In one possible implementation, the difference between the plurality of translation probabilities of the first description statement is greater than or equal to a seventh threshold.
In a third aspect, the present application provides a computing device. The computing device includes a memory for storing computer instructions and a processor; the processor, when executing computer instructions, implements the method of the first aspect or any one of the possible implementations of the first aspect. The computing device may refer to a server, a personal computer, or the like.
In a fourth aspect, the present application provides a cluster of computing devices. The cluster of computing devices comprises at least one computing device as shown in the third aspect.
In a fifth aspect, the present application provides a computer readable storage medium having stored therein a computer program or instructions which, when executed by a processing device, implement the method of any of the above first aspect and alternative implementations of the first aspect.
In a sixth aspect, the application provides a computer program product comprising a computer program or instructions which, when executed by a processing device, performs the method of any of the alternative implementations of the first aspect and the first aspect.
In a seventh aspect, the present application provides a chip comprising: an interface circuit and a power supply circuit; the interface circuit is for retrieving a first set of descriptive statements of data, and the control circuit is for performing the method of the first aspect or any one of the possible implementations of the first aspect.

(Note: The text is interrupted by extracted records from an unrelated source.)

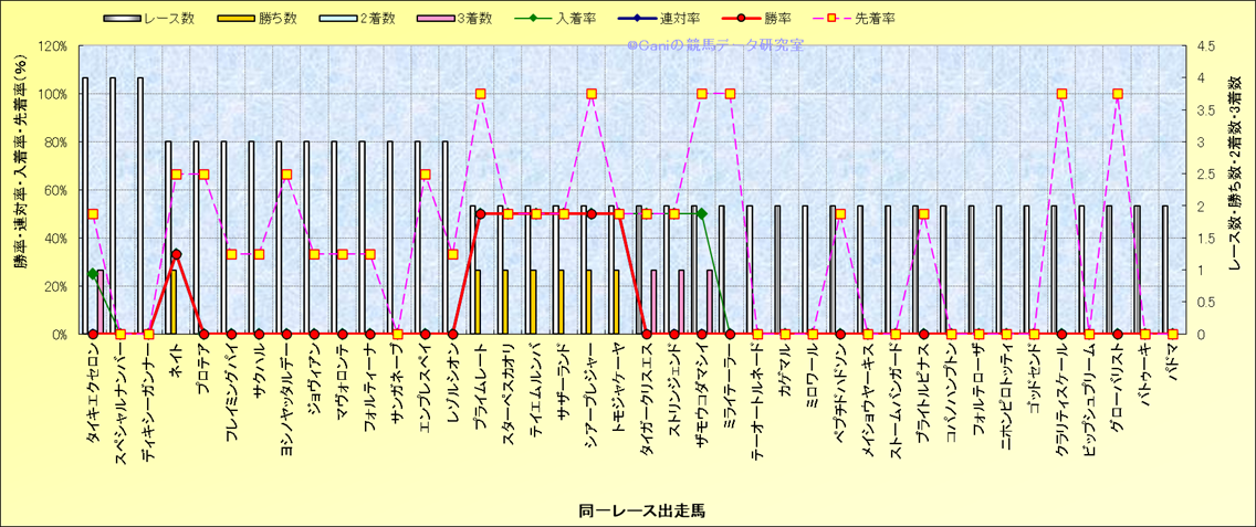 ライバル(相性)解析 同一レースに下記馬が出走した場合の成績とその馬に先着する先着率 |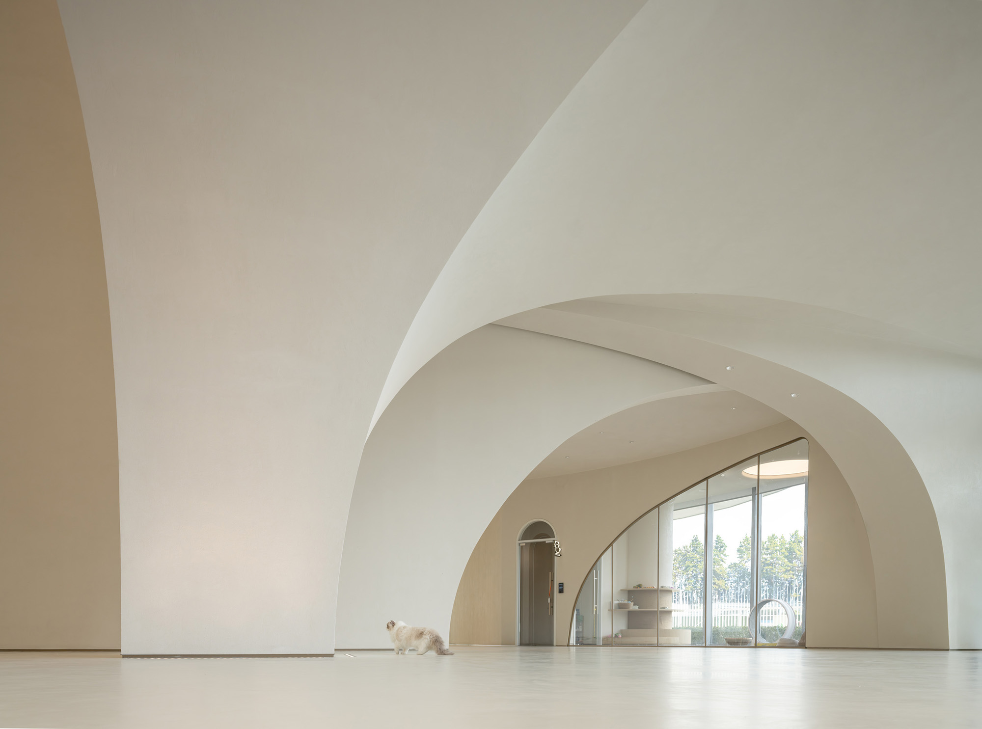 一层大堂以“兔子洞”为叙事起点,打破日常逻辑,引导访客暂时脱离现实,进入奇异而富有仪式感的世界。形态化结构、沉浸式动线与企业展示共同营造出强烈的到达体验。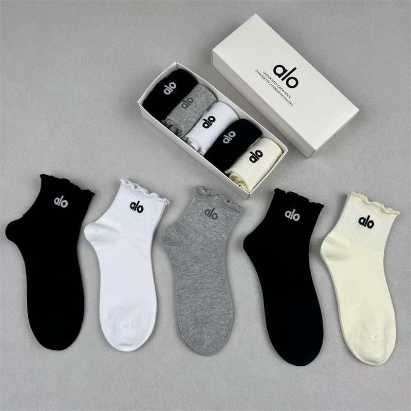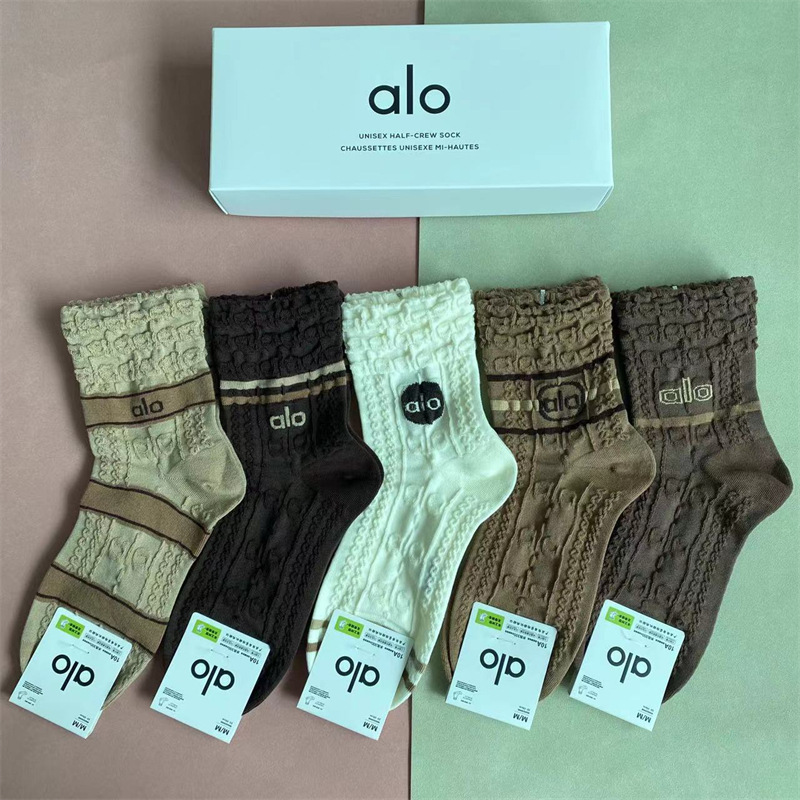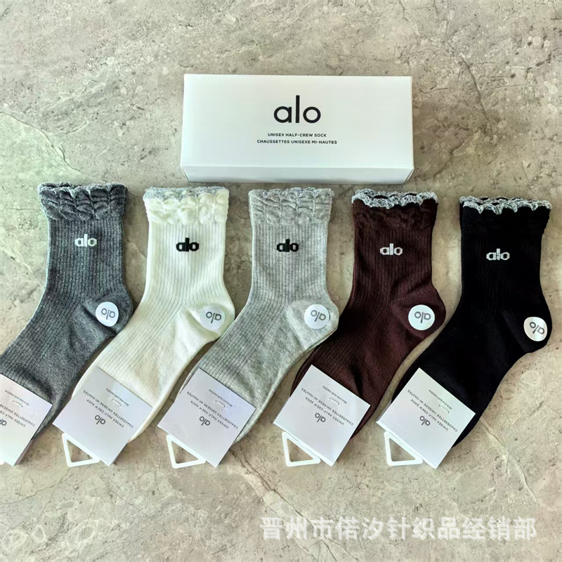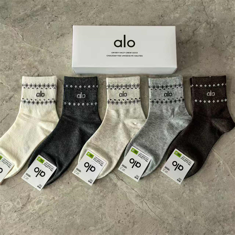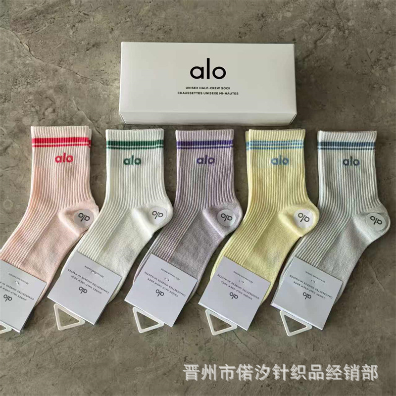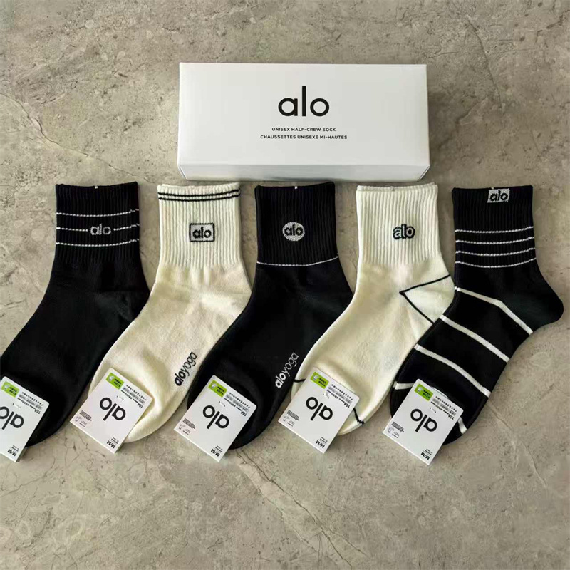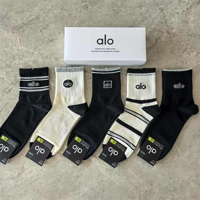 새로운 alo 요가 양말 면 중간 튜브 80% 면 중간 통기성 캐주얼 스포츠 양말 남성과 여성을위한 사계절 양말스토어 가기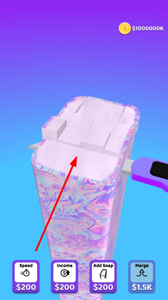 1、操作節(jié)奏把控: 初期手動高頻點擊,借連續(xù)切割觸發(fā)連擊特效,讓單刀收益倍增;中期解鎖自動模式后,定時手動補切肥皂中心區(qū)域,避免碎塊堆積影響后續(xù)切割效率 。

The advantages of the second to seventh aspects above may be referred to in the first aspect or any implementation manner of the first aspect, and are not described here. Further combinations of the present application may be made to provide further implementations based on the implementations provided in the above aspects.
Drawings
FIG. 1 is a flow diagram of a large model processing method;
FIG. 2 is a schematic diagram of a computer system according to the present application;
FIG. 3 is a schematic diagram of the overall flow of the sentence processing method provided by the present application;
FIG. 4 is a schematic flow chart of a sentence processing method according to the present application;
FIG. 5 is a schematic flow chart of a method for processing confusion statement according to the present application;
FIG. 6 is a schematic diagram of two call chains provided by the present application;
FIG. 7 is a schematic diagram of a sentence processing device according to the present application;
FIG. 8 is a schematic diagram of a sentence processing device according to the present application;
Fig. 9 is a schematic structural diagram of a computing device according to the present application.
Detailed Description
For ease of understanding, the technical terms to which the present application relates will first be described.
An API, which provides one software with an interface for other software to use. The API defines the communication protocol between software, including data formats, error handling, authentication modes, etc. The different software can communicate with each other through the API, and share data and functions.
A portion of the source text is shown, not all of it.